Time Warp Errors in Customer Connectivity Updating

Customer connections, or more rigorously customer premise connectivity to the network also requires to be maintained. This data is problematical in that there are millions of connections, and updates occur at a rate usually proportional to the rate of development of the country. So an advanced western European country saw most of its electrification in the 1950s and 60s, and today experiences only a 1 to 2% change year on year. Whereas a third world country starting out on electrification might see connections growing at 7 to 12% per year. When an ADMS or a GIS project starts up there might be a deliberate exercise to capture the connectivity of premises, but this is not a dynamic methodology, it is a photograph at one moment in time, and a customer connections update procedure is needed to handle the incremental changes year on year thereafter. Even at 2% growth this represents 20,000 customer connectivity updated per year for a one million customer utility. The second aspect of this issue is the granularity of the connection. When this data was first required for OMS to operate, then groups of customers per secondary substation was sufficiently accurate to enable a crew to be sent to the correct substation to investigate. New functions and the introduction of local micro renewable generation, now require increased granularity down to particular sections of LV cable and the individual phase connection, so that load profiles of transformers can be accurately ascertained from smart meter data.

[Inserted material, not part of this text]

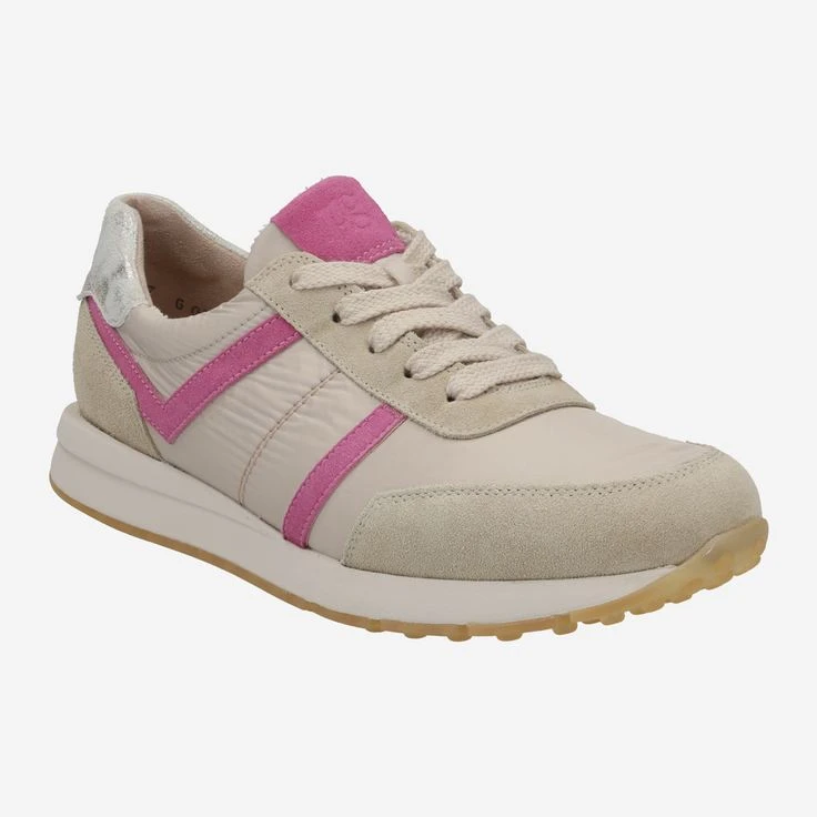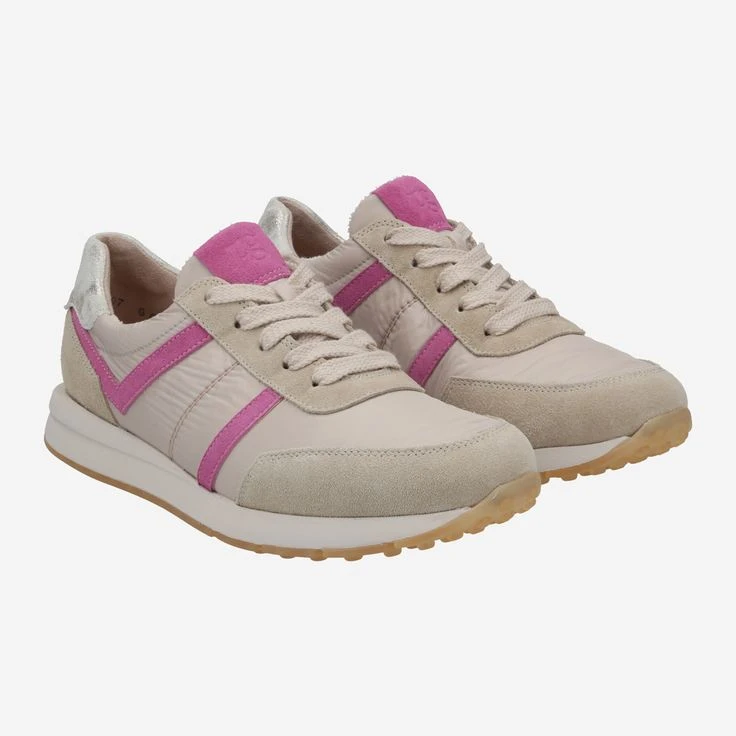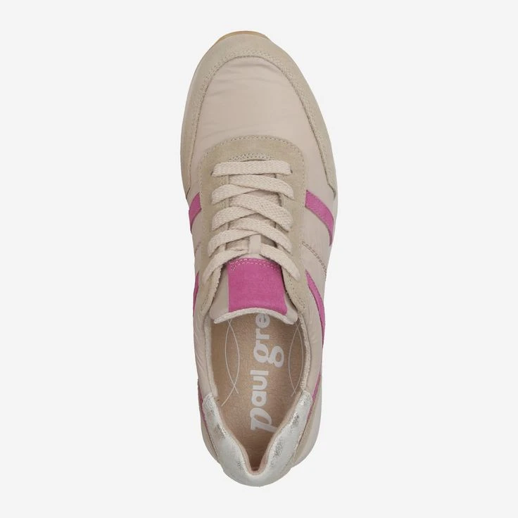 These SUPER SOFT sneakers with RELAX-WEITE from Paul Green are a must-have for leisure, city and as a complement also in business. The sporty lace-up shoes are wonderfully comfortable to wear and look so stylish thanks to their color combination of beige suede and textile fabric in combination with pink details. Thanks to the extra width in the toe and ball area, a comfortable feeling is guaranteed. The inner sole is removable. A flexible outsole adds the extra trendy accent. Convince yourself!

It is true that the effect of one customer connection missing is lost in the noise when there are one million customers connected. One must, therefore, ask if this is really necessary to drive up the accuracy of this data, when the only benefit was a negligible error impact on customer minutes lost and customer interruptions. In answer there are two reasons, the first is that, uncontrolled and unmonitored, this error in updating will grow over time and eventually the error will be sufficient to interfere with the accuracy of OMS outage predictions, and this will become evident during some time of stress on the data such as during a storm.

Secondly, new functions continued to be added to ADMS and, to be effective, some of these depend on low time warp errors and the increased granularity of customer connection data. For instance, load flow calculations at MV need minimised time warp error in reporting MV switching actions. Also LV load flow calculations on networks involving embedded micro renewable generation cannot be properly understood unless per phase customer connectivity data is available. This error will increase as more generation is connected, and this effect is driving the requirement for better LV network management. This per phase data does not exist in many utilities at all.

Customer connectivity can be updated via an ADMS interface to GIS. As the customer premise services are installed, that update can be sent into the DMS database as a ‘trivial’ update not requiring the operations department to check or authorise its inclusion in DMS.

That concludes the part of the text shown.